- DATA IN THIS EXERCISE -
-- Opening Marker --

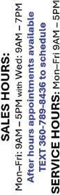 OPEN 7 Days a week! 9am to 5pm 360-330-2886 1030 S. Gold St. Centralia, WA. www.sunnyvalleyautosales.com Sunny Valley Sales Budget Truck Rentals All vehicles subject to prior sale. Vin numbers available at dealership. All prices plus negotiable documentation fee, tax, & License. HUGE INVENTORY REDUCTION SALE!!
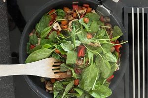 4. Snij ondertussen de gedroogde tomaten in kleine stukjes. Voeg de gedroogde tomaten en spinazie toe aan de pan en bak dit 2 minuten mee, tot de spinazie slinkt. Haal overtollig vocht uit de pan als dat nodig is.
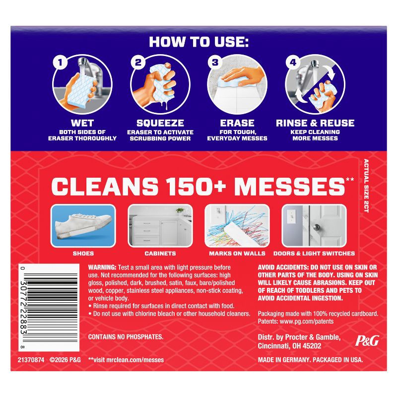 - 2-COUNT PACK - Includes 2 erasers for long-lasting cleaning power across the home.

-- Closing Marker --
-- Opening Marker --

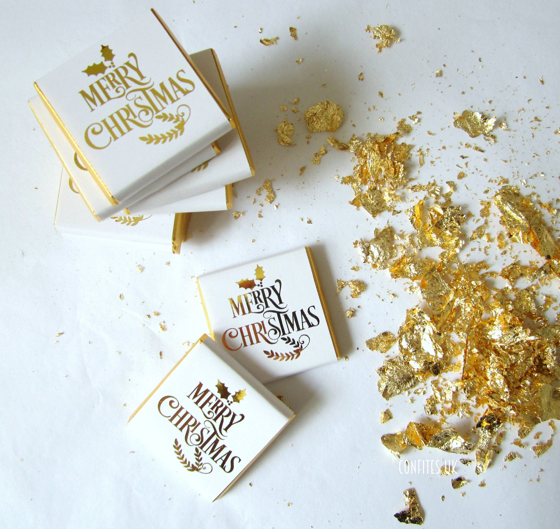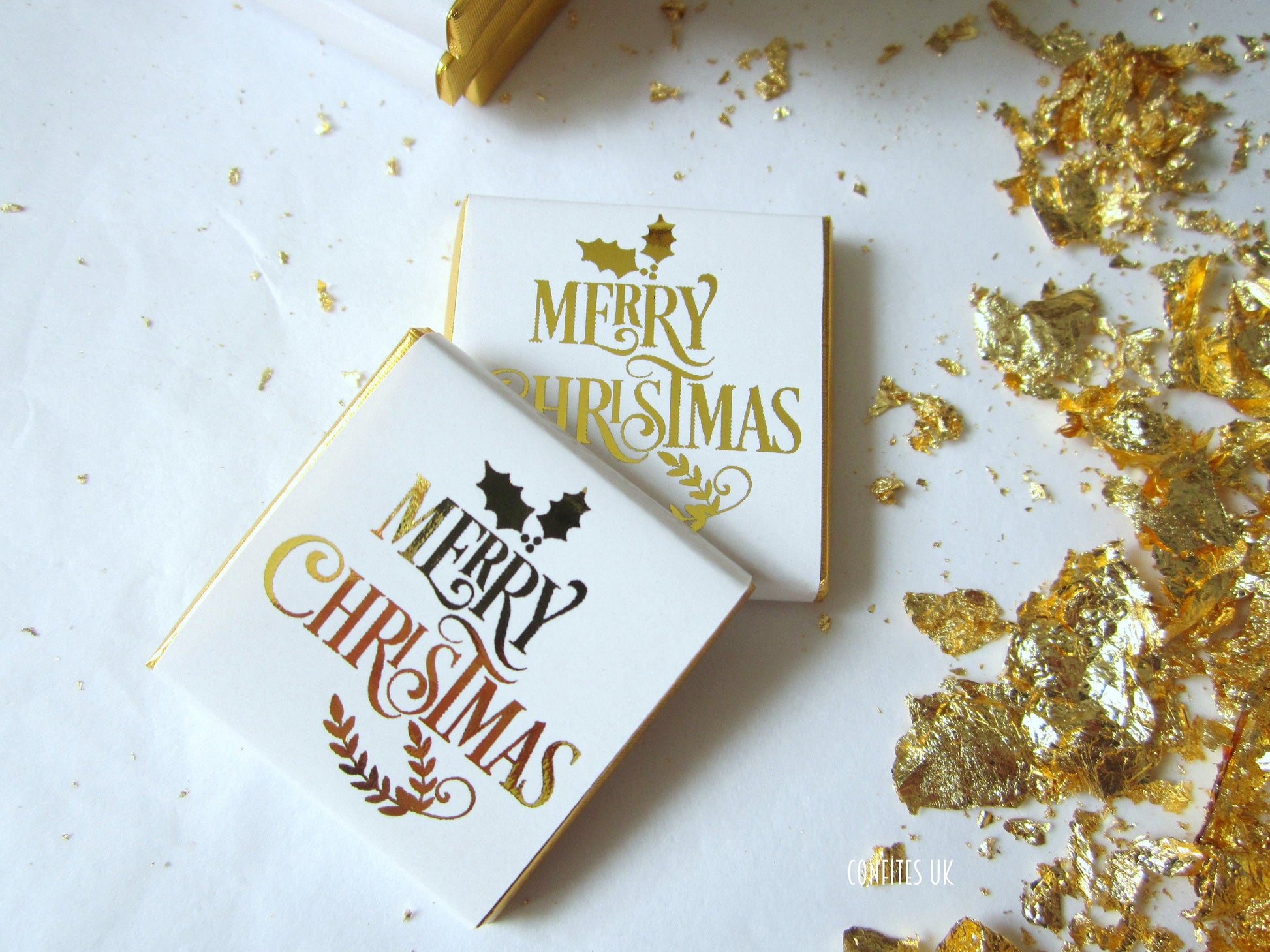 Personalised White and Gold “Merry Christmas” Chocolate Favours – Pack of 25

-- Closing Marker --
-- Opening Marker --

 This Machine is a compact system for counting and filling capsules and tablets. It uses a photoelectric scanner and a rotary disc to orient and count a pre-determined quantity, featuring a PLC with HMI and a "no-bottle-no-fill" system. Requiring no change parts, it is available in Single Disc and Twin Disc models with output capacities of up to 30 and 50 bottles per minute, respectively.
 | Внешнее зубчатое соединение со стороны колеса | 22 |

-- Closing Marker --

- PROBLEM TO WORK ON -
Range to copy from the listing above: the line containing "OPEN 7 Days" down to the line containing "- 2-COUNT PACK", both included. Reproduce it exactly, minus the pictures, and add nothing.

- RESPONSE TO THE TASK -
 OPEN 7 Days a week! 9am to 5pm 360-330-2886 1030 S. Gold St. Centralia, WA. www.sunnyvalleyautosales.com Sunny Valley Sales Budget Truck Rentals All vehicles subject to prior sale. Vin numbers available at dealership. All prices plus negotiable documentation fee, tax, & License. HUGE INVENTORY REDUCTION SALE!!
 4. Snij ondertussen de gedroogde tomaten in kleine stukjes. Voeg de gedroogde tomaten en spinazie toe aan de pan en bak dit 2 minuten mee, tot de spinazie slinkt. Haal overtollig vocht uit de pan als dat nodig is.
 - 2-COUNT PACK - Includes 2 erasers for long-lasting cleaning power across the home.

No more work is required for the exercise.